O documento técnico da Unesco
destaca o mesmo problema apontado por Patrícia: “Não há justificativas
fundamentadas que indiquem que o viaduto vai trazer soluções de longo prazo de
maneira eficaz e, sobretudo, de forma sustentável para essas questões de trânsito”
À Pública, a Odebrecht
informou através da sua assessoria que “igual a todos os projetos que realizam,
com o Projeto Cinta Costera 3,
a empresa cumpriu totalmente a lei panamenha e as
disposições das autoridades do país”. Além disso, a empresa afirma que “até
onde tivemos conhecimento, nenhuma organização apresentou denúncia diante das
autoridades correspondentes sobre essas supostas violações da lei”.
Não é o que dizem as pessoas
contrárias às obras. A Fundação Calicanto apresentou uma demanda no Tribunal
Administrativo de Contratações Públicas pedindo a anulação da licitação que a
Odebrecht ganhou para construir a fase três do Cinta Costera. O pedido foi
negado e o advogado Ramón Arias, que faz parte do escritório que protocolou a
interpelação, entrou com recurso na Suprema Corte Federal reafirmando o pedido
de cancelamento da licitação.
No documento, ao qual a Pública
teve acesso, são levantados 22 considerações contrárias a obra, alegando
essencialmente que a licitação contrariou normas e leis panamenhas de proteção
ao patrimônio e de contratos públicos. As considerações 13° e 14°, por exemplo,
afirmam que “por se tratar de um projeto que será construído dentro do Conjunto
Monumental Histórico de Casco Antiguo na cidade do Panamá, os documentos que formam
a licitação deveriam estar sujeitos a legislação protetora deste sítio
histórico, o que não ocorreu.
A entidade licitante, neste caso, o Ministério de
Obras Públicas não percebeu que a alternativa opcional que é dada na licitação
aos proponentes é ilegal, já que a normativa proíbe expressamente os aterros ou
corredores marítimos construídos fora da muralha da cidade do Panamá”.
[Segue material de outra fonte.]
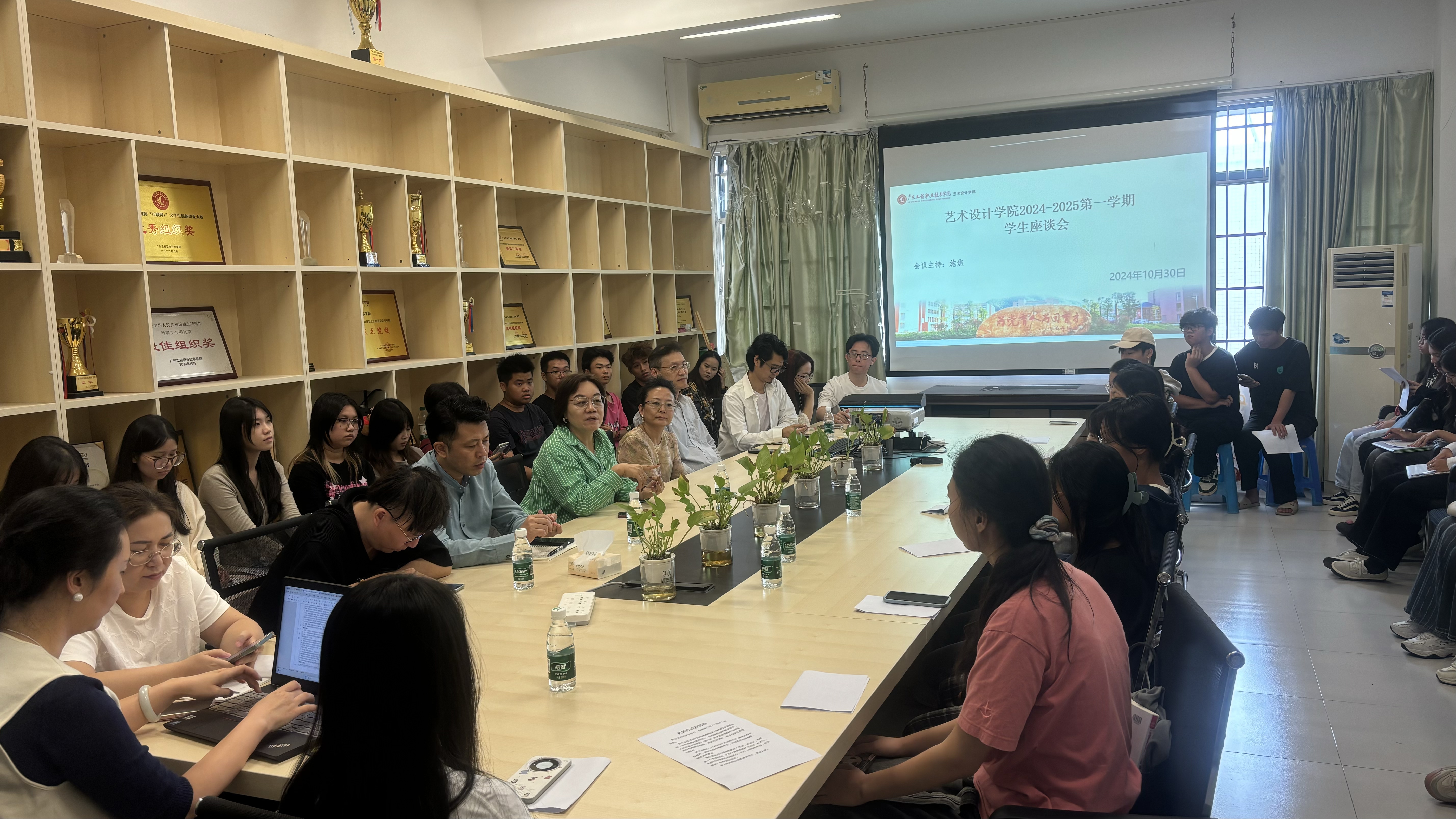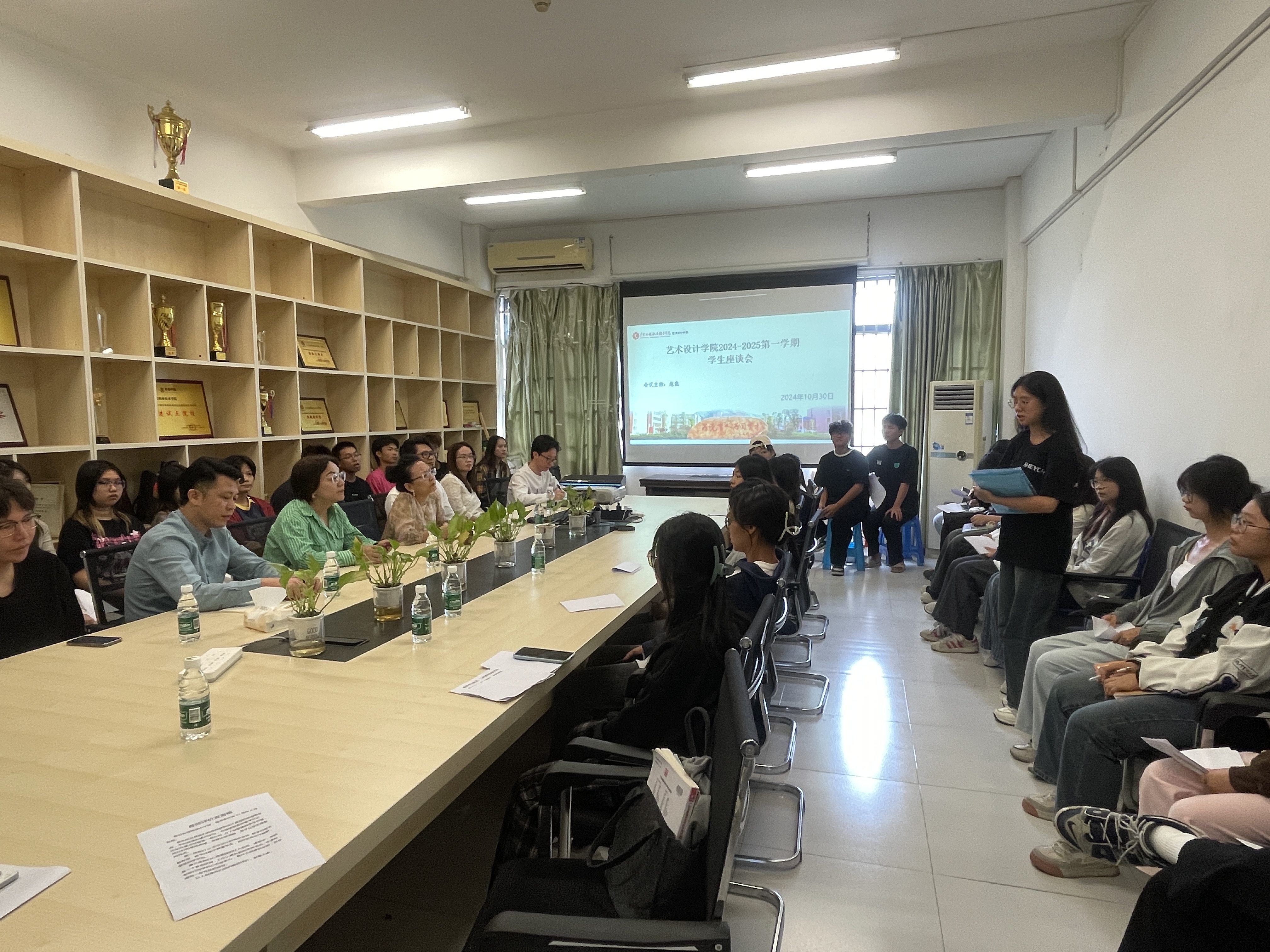 2024 年 10 月 30 日星期三,艺术设计学院在实训5-602室开展旨在促进教学质量提升、加强师生沟通的期中学生座谈会。出席本次会议的有艺术设计学院党委书记张华、艺术设计学院院长郭希、副院长施焦、党委副书记焦英,各专业带头人、教务老师陈钧禄和艺术设计学院全体在校班级的学习委员。大家齐聚一堂与学院领导和各专业带头人共同探讨半个学期以来在教学过程中出现的问题与改进方向。座谈会上,学委们积极发言,反馈了同学们在学习中遇到的各种困难和需求。

Essa apelação, que segundo Arias
“nunca foi levada adiante pela Suprema Corte”, foi feita antes do anúncio da
construção do viaduto, quando o único documento público sobre a obra era o
contrato firmado entre a Odebrecht e o MOP em que se previa a construção de um
túnel, mas que deixava aberta a opção da empresa escolher outra obra mais
barata, com menor custo de manutenção.
Também há diversos questionamentos
levantados por membros do “Orgullo” e por advogados, no Ministério de Finanças,
no Instituto Nacional de Cultura, no Ministério de Obras Públicas. Nenhum deles
obteve alguma resposta favorável.
Conflito de interesses
Desde 2008 o Comitê do Patrimônio
Mundial vem expressando sua preocupação com o estado de conservação do sítio
arqueológico Casco Antiguo – Panamá Viejo: “São diversos prédios históricos em
deterioração, conflitos de interesse sobre o uso, administração e conservação
da área, deficiência na implementação de uma lei para proteger o local,
demolições ao redor, retirada forçada de ocupantes e posseiros do local”, diz o
relatório daquele ano.
Em 2009 uma missão da entidade
avaliou que as obras da Cinta Costera – então em fase inicial – haviam sido
feitas “sem a realização de estudos de impacto ambiental ou de dano ao
patrimônio”, e pior, “sem informar o Comitê do Patrimônio Mundial” – os locais
tombados pela Unesco passam a “pertencer a toda Humanidade” e os países são obrigados
a relatar os eventos que se referem a cada sítio.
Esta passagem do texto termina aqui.